Today’s open access paper on environment and lifestyle choice versus the odds of becoming a centenarian is interesting for showing a few correlations that stand in opposition to the rest of the literature. For example, lower educational achievement and being widowed correlates with greater odds of living to 100 in this study. This is perhaps a good example of the perils of epidemiology, and particularly the challenges inherent in reasoning about epidemiological data. One should never take any one paper at face value without considering the rest of the literature, and one should bear in mind that different views (just people in one geographic area) or slices of data (just older people) may well produce opposing results.

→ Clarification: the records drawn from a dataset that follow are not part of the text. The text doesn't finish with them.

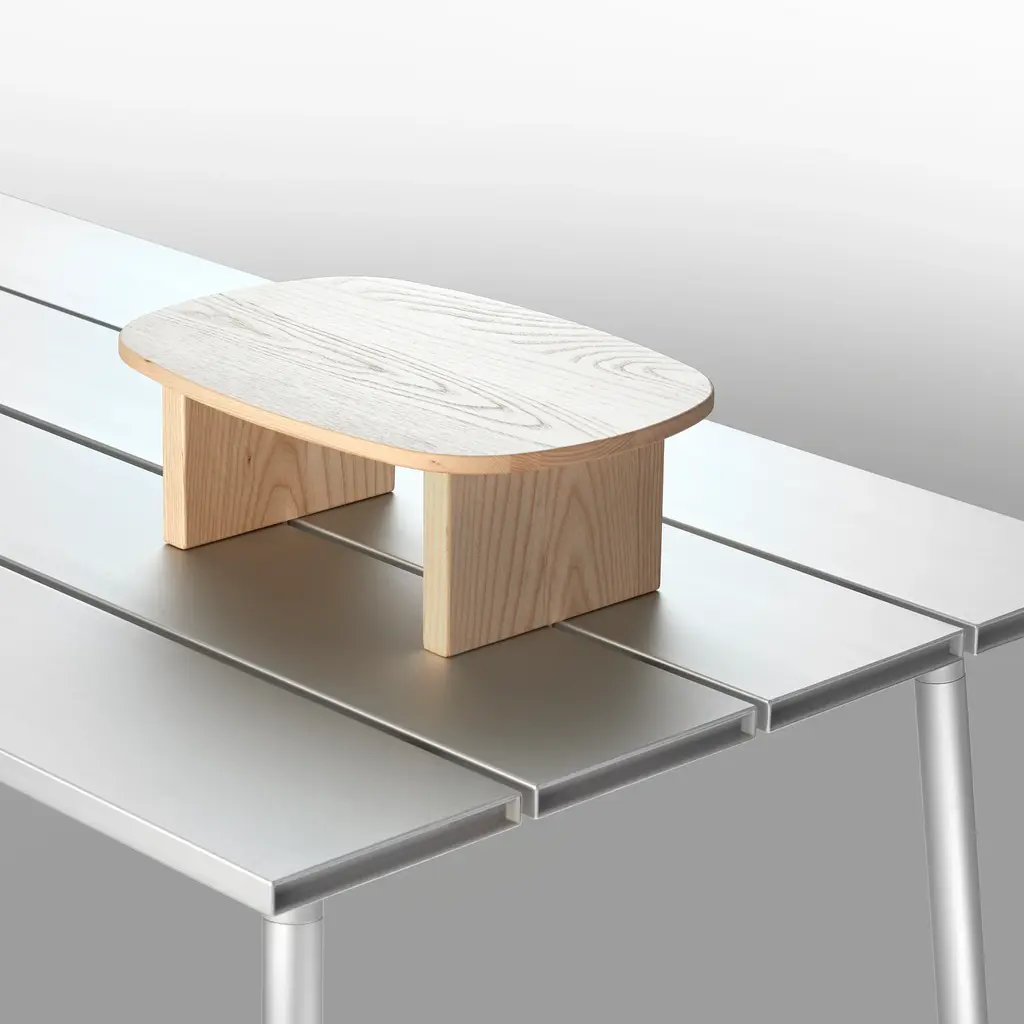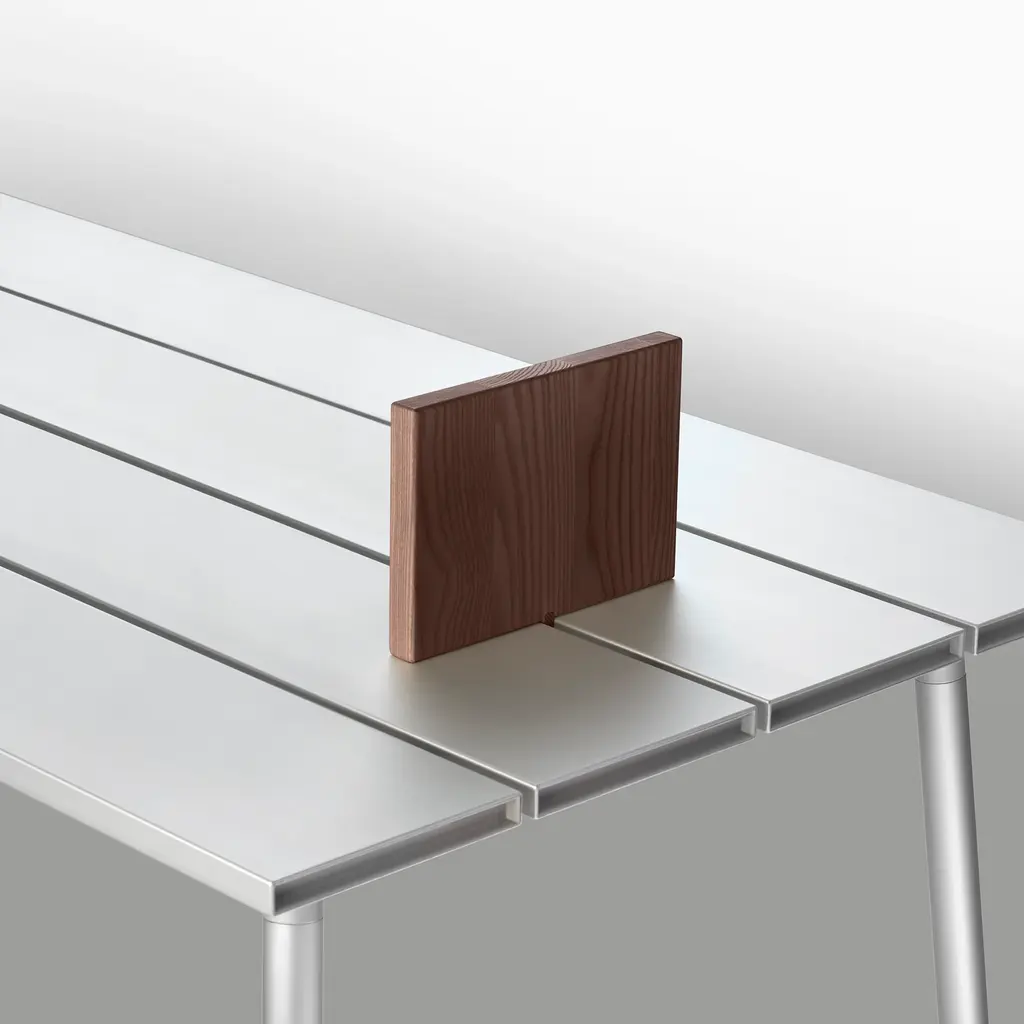 Run by Sam Hecht & Kim Colin, 2016 The Run Bookend is an accessory designed to fit the Run collection of tables, benches and shelves. The bookend acts as a separator and provides support for books. It works just as well on a table or bench as it does in a Run shelf. Place the bookend anywhere you like on a Run table, bench or shelf and secure underneath with the provided knob. Handcrafted from solid Ash, Walnut or Accoya, a modified pine wood for outdoor use.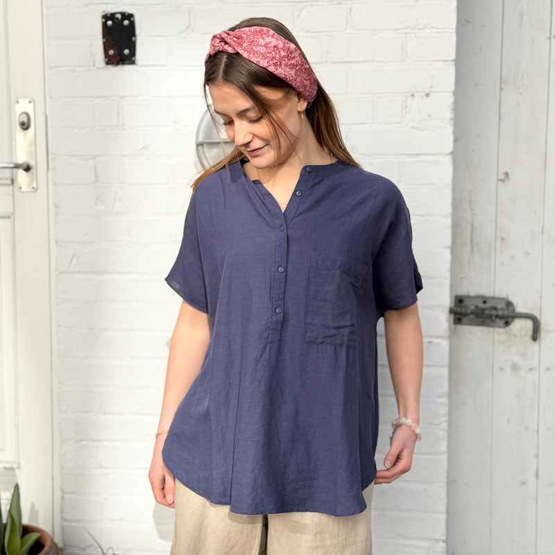 Den kortærmede skjorte 'Colombo' fra Frau har et flot minimalistisk snit med kinakrave med stolpelukning. Modellen er onesize, som gør den vil sidde forskelligt fra person til person, men passer størrelser fra 34-44.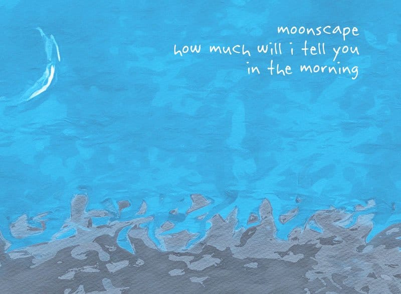 Gerry Jacobson says he wrote this at a “recent retreat with the Limestone Tanka Poets. An old homestead in the country just out of Canberra, Australia. Convivial dinner. Log fire. Craving the night sky I pick up my sleeping bag, wander outside and find a place to sleep trying to avoid sheep dung. Wake up a few times. Moonset. Later the glow of dawn. When I really wake, the sun is trying to break through. Roll up the swag and wander in for shower and breakfast.”

Environmental Correlates of Reaching a Centenarian Age: Analysis of 144,665 Deaths in Washington State for 2011-2015

The survival probability of becoming a centenarian has been shown to be multifactorial. The rapid increase in the odds of living to 100 years of age is largely due to substantial advancements in medicine and public health that decreased the burden of disease. Genetic factors, including genes in several pathways influencing longevity, such as inflammation and immunity, have also been explored. These studies have shown that longevity is likely to be a polygenic trait, but aging has been attributed to be only 20-35% heritable. Social and environmental factors, such as high educational attainment and socioeconomic status, also significantly contribute to longevity.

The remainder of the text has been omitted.